LM214 - Twenty Questions About 22q Spectrum Disorders

Abstract: With genetic testing becoming more accessible to patients and families, more children are being diagnosed with genetic disorders that previously went undiagnosed. Genetic differences within the long arm of the 22nd chromosome present with a variety of otolaryngological disorders requiring frequent monitoring from audiologists and collaboration with other health-care providers. After a review of basic genetics knowledge, attendees will learn about 22q spectrum disorders, testing adaptations, and hearing loss prevalence for patients with genetic differences within 22q. The presentation will conclude with discussion of 2 case studies.

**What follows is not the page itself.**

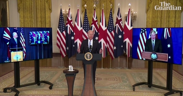 La iniciativa, denominada AUUKUS, fue presentada por el presidente estadounidense Joe Biden, el primer ministro británico Boris Johnson y el primer ministro australiano Scott Morrison. Lo enmarcaron como el siguiente paso importante en una asociación de larga data, informó The Guardian.
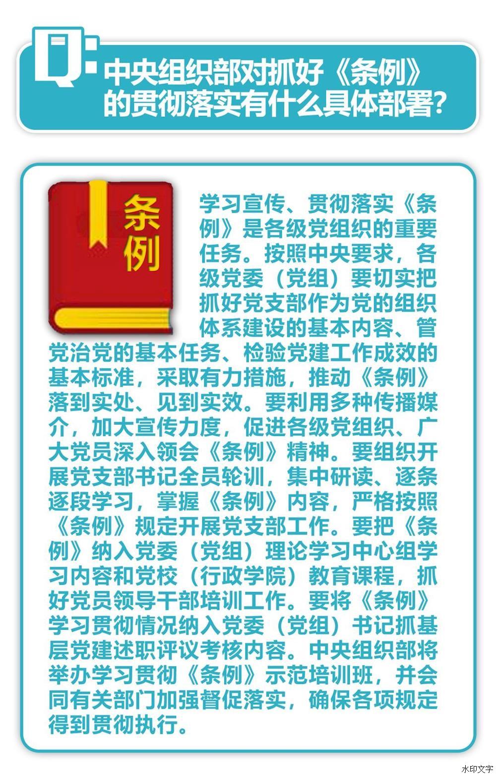 通知強調,重視黨支部、善抓黨支部,是黨員領導干部政治成熟的重要標志。各級黨委(黨組)要牢固樹立政治意識、大局意識、核心意識、看齊意識,切實把抓好黨支部作為黨的組織體系建設的基本內容、管黨治黨的基本任務、檢驗黨建工作成效的基本標準,采取有力措施,推動《條例》落到實處、見到實效。要抓好《條例》的學習宣傳和貫徹落實,利用報紙、廣播、電視和手機、網絡等媒介,通過專題研討、集中培訓等方式,使各級黨組織、廣大黨員特別是黨支部書記深入領會《條例》精神,全面掌握《條例》內容,切實增強貫徹執(zhí)行《條例》的思想自覺和行動自覺。要加強對黨員領導干部的培訓,把《條例》納入黨委(黨組)理論學習中心組學習內容和黨校(行政學院)教育課程,提高各級領導班子抓好黨支部工作、推動黨支部建設的本領。要加強監(jiān)督檢查,對貫徹落實《條例》不力的嚴肅追責問責。中央組織部要會同有關部門加強督促落實,確保各項規(guī)定得到貫徹執(zhí)行。

Summary: After reviewing the 2023, 2022, and the 2019 conference schedule, there was less than one presentation reviewing or relating to genetics per year. Genetics is an emerging pertinent field within audiology with many audiologists having no more than a 5 month overview of genetics, common phenotypes, and their associated syndromes during formal graduate education. While working within the Super Q Express clinic at Children's Mercy for the past 3 years, I have been able to learn far more about genetics disorders, reading genetics reports, and other pertinent knowledge that I would like to pass on to the general population. This interactive session with quizzing throughout and a special prize for the winner will keep participants engaged throughout by showing not only the information, but how the information can guide daily clinical operations when managing and treating patients with 22q deletion related disorders. The participants will walk away knowing more about basic genetics, common otologic presentations, and how to modify testing procedures for these patients that will enable them to more effectively diagnose, treat, and manage patients in this population.